Pandora
- Author: Jilly Cooper
- Language: English
- Series: Rutshire Chronicles
- Release number: 7
- Genre: Bonkbuster
- Set in: 21st-century England
- Published: 2002 (Transworld)
- Publisher: Transworld
- Publication date: 2002
- Publication place: United Kingdom
- Pages: 558
- ISBN: 978-0-552-15640-0
- Preceded by: Score!
- Followed by: Wicked!
- Website: https://www.jillycooper.co.uk/books/pandora/

= Pandora (Cooper novel) =

Novel by Jilly Cooper

Pandora is a 2002 novel by English writer Jilly Cooper. It is the seventh novel in the Rutshire Chronicles series. Set in the art world, the book follows the career of Raymond Belvedon, who whilst a young army officer in the Second World War, steals a painting called Pandora. The painting is later stolen from his family home and the novel follows the cast as they locate the painting. The denouement of the novel is a record-breaking sale at Sotheby's with the sale of Pandora as the centrepiece. Quentin Letts described the novel as Cooper "back on nostril-flaring, leg-splaying top form", whilst Robert Macfarlane described the novel's sexual activities as usually simple and happy, where "mutuality of orgasm is a given".

== Plot ==
The book follows the career of Raymond Belvedon, who, whilst a young army officer in the Second World War, steals a painting called Pandora. The fictional painting is by Raphael and is kept by Belvedon over the subsequent years, hanging in the bedroom of his home after he married Czech artist Galena Borochova. There the painting witnesses Borochova's infidelities and the births of their four children: Jupiter, Alizarin, Siena and Jonathan.

The book continues when the children are adults, when a supposed fifth sibling appears, Emerald Cartwright, whose presence upsets Raymond and the siblings. Emerald's boyfriend, Zachary Ansteig, had been looking for Pandora, as it was stolen from his family's chateau. During a fireworks display, the painting is stolen, and the novel follows the cast as they locate the painting. The denouement of the novel is a record-breaking sale at Sotheby's with the sale of Pandora as the centrepiece.

== Background ==
Published in 2002, it is the seventh novel in the Rutshire Chronicles series. It is set in the art world. It is 558 pages long. In preparation for the novel, Cooper researched the art world. The novel features many new characters, but also features returning ones, such as Rupert Cambell-Black. It is set in the fictional county of Larkshire, neighbouring Cooper's other fictional county, Rutshire.

== Characters ==

- Raymond Belvedon
- Galena Borochova
- Siena Belvedon
- Zachary Ansteig
- Rupert Campbell-Black

== Reception ==
Reviewing the novel in The Observer, Robert Macfarlane described how it depicted and lampooned Britart, conceptual art and the Turner Prize. This was elaborated on by Wendy Holden, writing in the New Statesman, who described one scene where a raped woman is also menstruating as "very Jake and Dinos Chapman". John Preston, writing in Modern Painters, described this aspect of the novel as "very thick-eared satire on the contemporary art scene". Writing in the Sunday Independent, Patricia Deevey praised the pastiche of the art world as a "smart portrait of [its] venal, greedy and pretentious underbelly". Deevey's most expansive praise was for the crowd scenes, that skillfully keep the reader appraised of the action; Deevey compared them to "tracking shots in a Robert Altman film".

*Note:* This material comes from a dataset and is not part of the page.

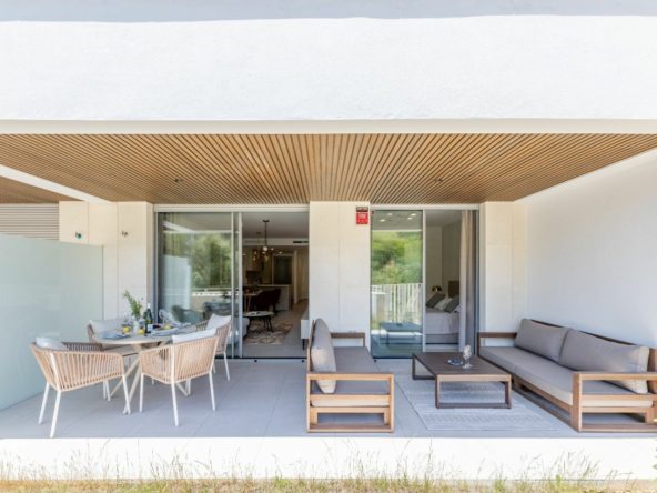 Set within the prestigious Estrella del Mar development, located in the peaceful and green surroundings of Elviria, this elegant ground-floor apartment has been thoughtfully designed to offer comfort, privacy, and a harmonious connection with its natural setting.
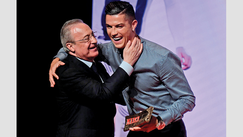 رونالدو التقى رئيس ريال مدريد فلورنتينو بيريز خلال حفل التكريم. أ.ف.ب

Quentin Letts, writing in The Standard, referred to how reviews for her previous two novels had been "sour", but with Pandora Cooper was "back on nostril-flaring, leg-splaying top form". Holden also discussed how the novel was not politically correct - and that political incorrectness is a hallmark of a Cooper novel. Helena Bertodano, reviewing the book in The Telegraph, described as "absolute piffle, but vastly enjoyable piffle nonetheless".

Reviewers who discussed the sexual content were Macfarlane, who commented on how the novel has an increased ratio of sex per page than her earlier novel Riders, and that the sex is usually simple and happy, where "mutuality of orgasm is a given". He also pointed out that in Pandora there's a far greater range of sexual activities described than in other Cooper novels, that are not just vaginal penetration by a penis. In contrast, Deevey described the amount of sex scenes as "modest" and that they had substantial meaning for the plot.

== Cover ==
For its paperback release, the cover was redesigned to a "clean, striking new image" and this was praised by Sarah Broadhurst writing in The Bookseller.